### PROBLEM STATEMENT
Needed from the data below: every line from the one with "to the event." up to and including the one with "Располагается отель на", repeated exactly and with nothing else.

### EXERCISE DATA
----

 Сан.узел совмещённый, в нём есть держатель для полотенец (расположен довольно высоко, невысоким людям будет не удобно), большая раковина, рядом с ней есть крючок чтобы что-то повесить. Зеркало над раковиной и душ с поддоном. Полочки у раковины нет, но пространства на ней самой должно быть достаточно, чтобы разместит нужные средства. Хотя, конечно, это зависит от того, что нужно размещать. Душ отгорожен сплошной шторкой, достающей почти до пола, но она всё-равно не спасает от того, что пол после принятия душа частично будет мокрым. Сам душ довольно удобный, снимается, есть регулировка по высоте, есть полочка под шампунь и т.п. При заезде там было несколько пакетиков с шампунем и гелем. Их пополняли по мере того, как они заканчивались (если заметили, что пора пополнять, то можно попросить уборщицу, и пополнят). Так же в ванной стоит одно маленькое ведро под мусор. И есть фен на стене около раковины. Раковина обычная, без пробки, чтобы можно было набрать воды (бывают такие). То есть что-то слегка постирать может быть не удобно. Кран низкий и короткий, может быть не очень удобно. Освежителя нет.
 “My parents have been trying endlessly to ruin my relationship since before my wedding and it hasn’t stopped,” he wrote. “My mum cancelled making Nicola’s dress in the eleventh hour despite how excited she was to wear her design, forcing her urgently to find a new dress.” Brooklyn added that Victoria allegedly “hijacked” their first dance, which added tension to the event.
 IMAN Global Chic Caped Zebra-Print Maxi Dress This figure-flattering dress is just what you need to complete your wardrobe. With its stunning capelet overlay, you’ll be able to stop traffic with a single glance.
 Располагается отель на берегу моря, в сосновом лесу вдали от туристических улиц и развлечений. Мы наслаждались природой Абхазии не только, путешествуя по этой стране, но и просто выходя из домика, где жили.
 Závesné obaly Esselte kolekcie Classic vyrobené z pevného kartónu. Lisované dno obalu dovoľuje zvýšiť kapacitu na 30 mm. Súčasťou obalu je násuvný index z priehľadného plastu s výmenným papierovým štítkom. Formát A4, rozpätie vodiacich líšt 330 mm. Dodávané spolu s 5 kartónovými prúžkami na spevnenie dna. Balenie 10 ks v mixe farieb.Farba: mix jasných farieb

----

### SOLUTION TO THE PROBLEM
 “My parents have been trying endlessly to ruin my relationship since before my wedding and it hasn’t stopped,” he wrote. “My mum cancelled making Nicola’s dress in the eleventh hour despite how excited she was to wear her design, forcing her urgently to find a new dress.” Brooklyn added that Victoria allegedly “hijacked” their first dance, which added tension to the event.
 IMAN Global Chic Caped Zebra-Print Maxi Dress This figure-flattering dress is just what you need to complete your wardrobe. With its stunning capelet overlay, you’ll be able to stop traffic with a single glance.
 Располагается отель на берегу моря, в сосновом лесу вдали от туристических улиц и развлечений. Мы наслаждались природой Абхазии не только, путешествуя по этой стране, но и просто выходя из домика, где жили.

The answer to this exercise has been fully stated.